- [WORK INSTRUCTION]:
An exact, picture-free copy of the listing is required.

* * *

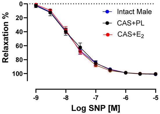 Sodium nitroprusside (SNP)-induced aortic relaxation is similar among groups. Relaxation responses to cumulative concentrations of SNP (10−9 to 10−5 M) in endothelium denuded aortic rings precontracted with phenylephrine (PE, 2 µM) of intact male, castrated placebo (CAS + PL) and castrated E2-treated (CAS + E2) rats. Data is expressed as mean ± SEM. n = 8 per group, analyzed using two-way ANOVA with repeated measure.
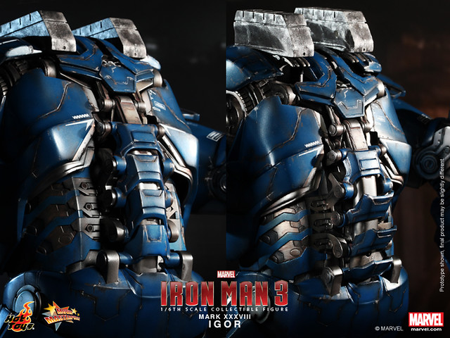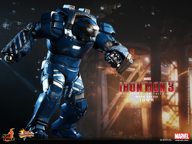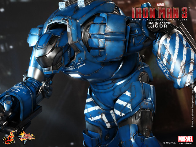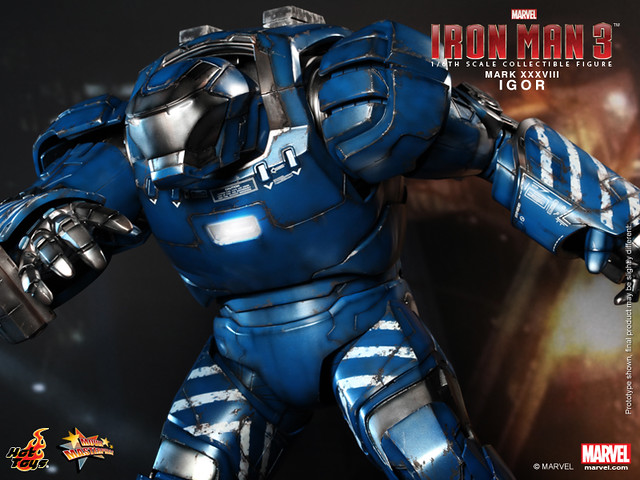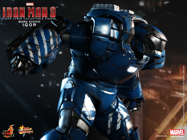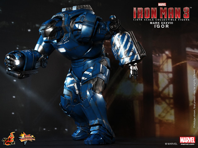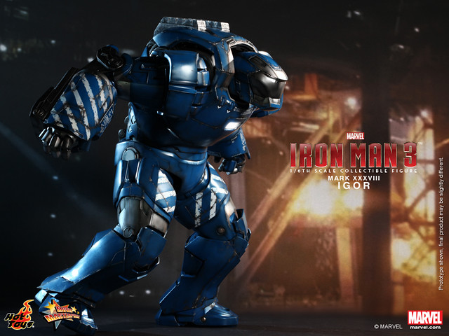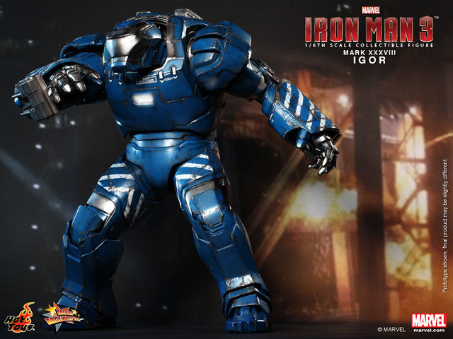 Hot Toys 今日宣布發行“鋼鐵人3”中登場的鋼鐵人 馬克38 - 負重裝甲“伊格爾” (Igor Mark XXXVIII),它在東尼命令老賈發動“家庭狂歡派對協定”(House Party Protocol)時登場。機體的名字出自於經典恐怖片“科學怪人”(Frankenstein)中,Henry Frankenstein 的駝背助手。
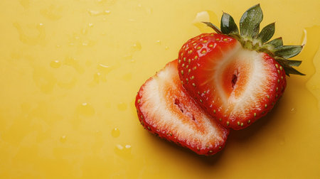 A sliced strawberry revealing its juicy core, placed on a vibrant yellow surface.
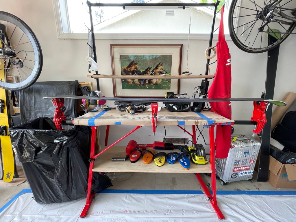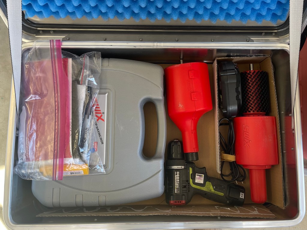 跟队许多年见识到雪联级别竞赛打蜡, 慢慢地也有了自己的装备。 同时也兼职随队打蜡师工作。 北京冬奥后,回到家里把装备设立好,重新帮家人朋友的板好好维修。 这里介绍一下我的车库里黑洞级别装备。
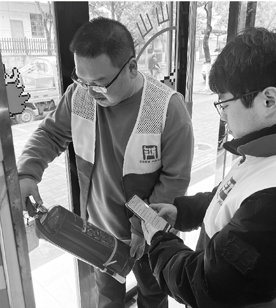 本报讯 “这个月开展全面消防检查了吧?”近日,金华市婺城区城东街道网格员杨涛特地询问辖区一超市的负责人。原来,之前杨涛在平安检查中发现该超市未履行每月一次消防检查,之后每逢月末便主动上门提醒。同一天,婺城区白龙桥镇网格员朱晟通过金安智治系统进行平安检查时发现,辖区某公司存在安全生产隐患,随即与该公司负责人联系并监督整改。
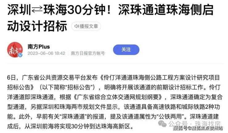 值得关注的是,招标公示明确规划:深珠通道珠海侧将设置淇澳、北围、下栅、港湾大道唐家四大立交互通节点,且全部坐落于珠海高新区境内!这意味着珠海高新区将成为深珠通道直接辐射的核心受益区,未来从区域出发直达深圳前海仅需 30 分钟,将率先承接深圳前海的产业、资源与政策辐射红利,区域价值迎来质的飞跃。
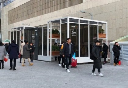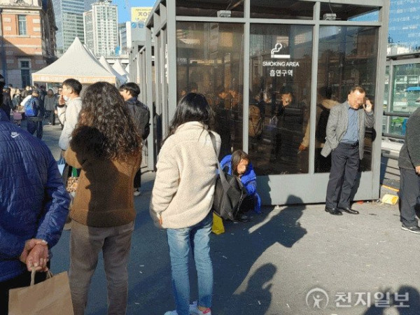 환풍기 설치된 흡연구역이 뻔히 옆에 있는데 밖 통로에서 담배핌
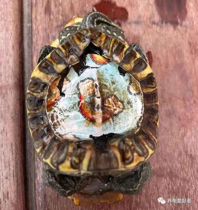 因为被打印上了精美图画,导致背甲盾片之间都粘连在一起了,龟需要生长,那么只能是其他的部位生长,背甲被限制。久而久之,就出现了如此的畸形。首先龟在遭受图画打印的时候已经受到了很严酷的对待,如果你把它带回家,能活下来的概率本身就很低。有些小龟友,自然是指年纪小了,养了这类龟觉得超级可爱,没多久就感觉龟没活力,很快就会死亡的。而且就算活下来了,能开食了,需要以后能变成正常龟,就得用小刀子将背甲上,盾片之间的粘连处划开,让背甲盾片有机会生长。
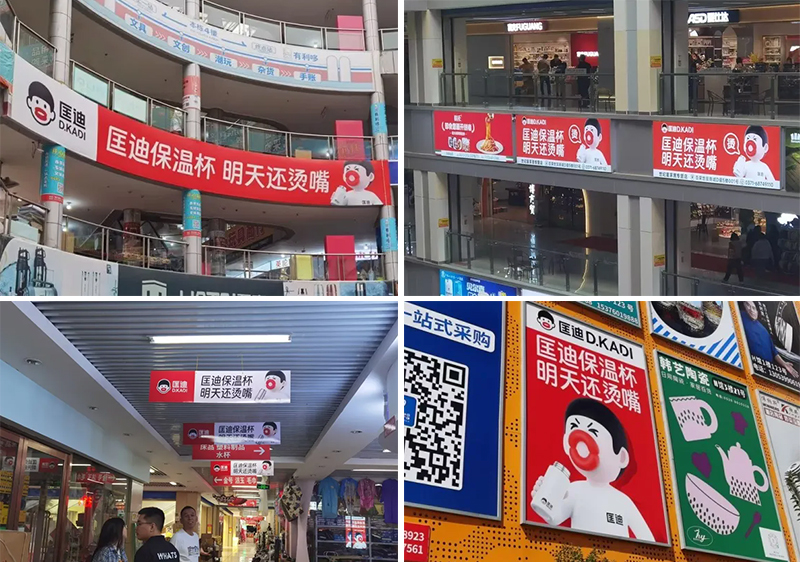 不止如此,我們還圍繞門店,在批發(fā)市場(chǎng)周邊投放了商圈廣告,甚至打造了“品牌打卡墻”,讓匡迪的形象低成本地“無(wú)處不在”。

* * *

- [EXERCISE ANSWER]:
 Sodium nitroprusside (SNP)-induced aortic relaxation is similar among groups. Relaxation responses to cumulative concentrations of SNP (10−9 to 10−5 M) in endothelium denuded aortic rings precontracted with phenylephrine (PE, 2 µM) of intact male, castrated placebo (CAS + PL) and castrated E2-treated (CAS + E2) rats. Data is expressed as mean ± SEM. n = 8 per group, analyzed using two-way ANOVA with repeated measure.
 Hot Toys 今日宣布發行“鋼鐵人3”中登場的鋼鐵人 馬克38 - 負重裝甲“伊格爾” (Igor Mark XXXVIII),它在東尼命令老賈發動“家庭狂歡派對協定”(House Party Protocol)時登場。機體的名字出自於經典恐怖片“科學怪人”(Frankenstein)中,Henry Frankenstein 的駝背助手。
 A sliced strawberry revealing its juicy core, placed on a vibrant yellow surface.
 跟队许多年见识到雪联级别竞赛打蜡, 慢慢地也有了自己的装备。 同时也兼职随队打蜡师工作。 北京冬奥后,回到家里把装备设立好,重新帮家人朋友的板好好维修。 这里介绍一下我的车库里黑洞级别装备。
 本报讯 “这个月开展全面消防检查了吧?”近日,金华市婺城区城东街道网格员杨涛特地询问辖区一超市的负责人。原来,之前杨涛在平安检查中发现该超市未履行每月一次消防检查,之后每逢月末便主动上门提醒。同一天,婺城区白龙桥镇网格员朱晟通过金安智治系统进行平安检查时发现,辖区某公司存在安全生产隐患,随即与该公司负责人联系并监督整改。
 值得关注的是,招标公示明确规划:深珠通道珠海侧将设置淇澳、北围、下栅、港湾大道唐家四大立交互通节点,且全部坐落于珠海高新区境内!这意味着珠海高新区将成为深珠通道直接辐射的核心受益区,未来从区域出发直达深圳前海仅需 30 分钟,将率先承接深圳前海的产业、资源与政策辐射红利,区域价值迎来质的飞跃。
 환풍기 설치된 흡연구역이 뻔히 옆에 있는데 밖 통로에서 담배핌
 因为被打印上了精美图画,导致背甲盾片之间都粘连在一起了,龟需要生长,那么只能是其他的部位生长,背甲被限制。久而久之,就出现了如此的畸形。首先龟在遭受图画打印的时候已经受到了很严酷的对待,如果你把它带回家,能活下来的概率本身就很低。有些小龟友,自然是指年纪小了,养了这类龟觉得超级可爱,没多久就感觉龟没活力,很快就会死亡的。而且就算活下来了,能开食了,需要以后能变成正常龟,就得用小刀子将背甲上,盾片之间的粘连处划开,让背甲盾片有机会生长。
 不止如此,我們還圍繞門店,在批發(fā)市場(chǎng)周邊投放了商圈廣告,甚至打造了“品牌打卡墻”,讓匡迪的形象低成本地“無(wú)處不在”。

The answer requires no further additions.